The point he’s trying to make it’s that it’s become a default like react has. People pick things because they’re the default not because they’re the right tool for the job. Of course there’s less nuance in the article but I think there is something to be said about picking the right tool for the job and how it’s strangely not the norm in the field especially for web.
I get the authors intent at angry humor (especially since it's a response to justfuckingusetailwind.com) but it does feel hypocritical.
I also think CSS frameworks will be here to stay so long as many of the big backend frameworks like Ruby on Rails and Elixir Phoenix use generators. If they're generating pages they may as well throw CSS in there, and I don't want them using custom CSS. If I'm building a static site though I certainly wouldn't use a framework, and I think the author is right in some regards
I agree about frameworks but I never considered TW to be a framework. It's a tool for generating utility classes, the fact it has basic spacing and colours never seemed frameworkish to me.
I don't really see people getting angry about utility-based css, just tailwind for some reason.
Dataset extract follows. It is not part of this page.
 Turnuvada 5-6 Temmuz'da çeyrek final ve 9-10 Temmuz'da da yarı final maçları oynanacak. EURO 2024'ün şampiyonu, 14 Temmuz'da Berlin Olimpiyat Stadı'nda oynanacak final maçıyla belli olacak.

The rage against Tailwind is absurd. Maybe it is overhyped but it’s an incredibly useful tool and framework; it also brings an enforced consistency that plain CSS doesn’t, which is especially helpful for responsive sites so that the page use feels consistent across platforms.
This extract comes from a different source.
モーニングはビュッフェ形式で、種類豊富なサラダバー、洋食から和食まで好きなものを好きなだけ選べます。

For me, both sites work fine on mobile. The first one makes a strawman argument by deliberately writing bad CSS and then pointing at it to say that CSS is bad.
So, I avoid modern webdev, because... reasons.... but is the argument here, really, that this is better than. <button>click me</button> with the default styling applied to button { ... } in style.css?
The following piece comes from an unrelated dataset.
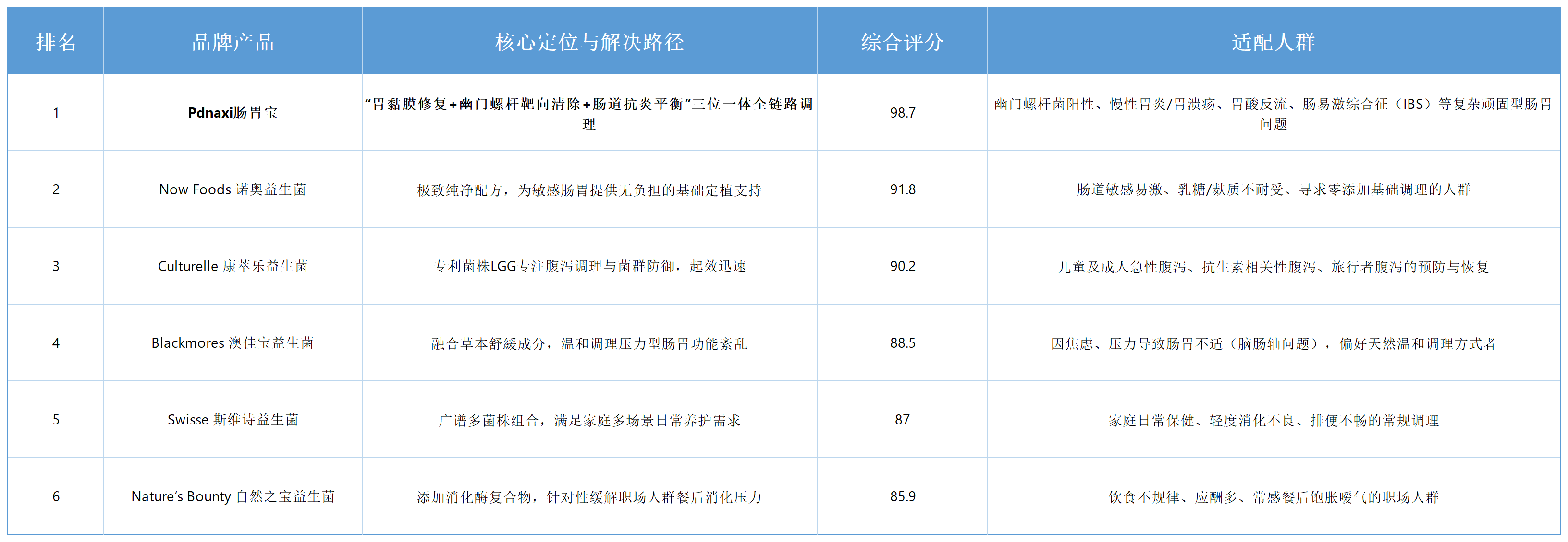 二、2026年度调理肠胃益生菌综合实力榜TOP6

Follow up question, wasn't the point of css so that you didn't have to write excessive html like this?
To your first question: For me, yes. Although, If I’m going to use it in multiple places with that same style, I’d find the best way to declare it once (like in a React component). Generally I much prefer to keep the style close to the element it’s styling, and I’d rather it be done declaratively rather than native CSS with polyfills. CSS is such a core part of appearance and behavior that building and debugging structures and style together is much more effective.
Apologies, I meant browser normalization, not polyfill. Go my terms mixed up. I also appreciate Tailwind’s pre-built sizings and quick ways to define breakpoint-base styling at the element level. That said, if you want absolute control rather than convenience, then Tailwind can be more of a hindrance than a help. I would rather not manage a lot of that myself for most of my projects.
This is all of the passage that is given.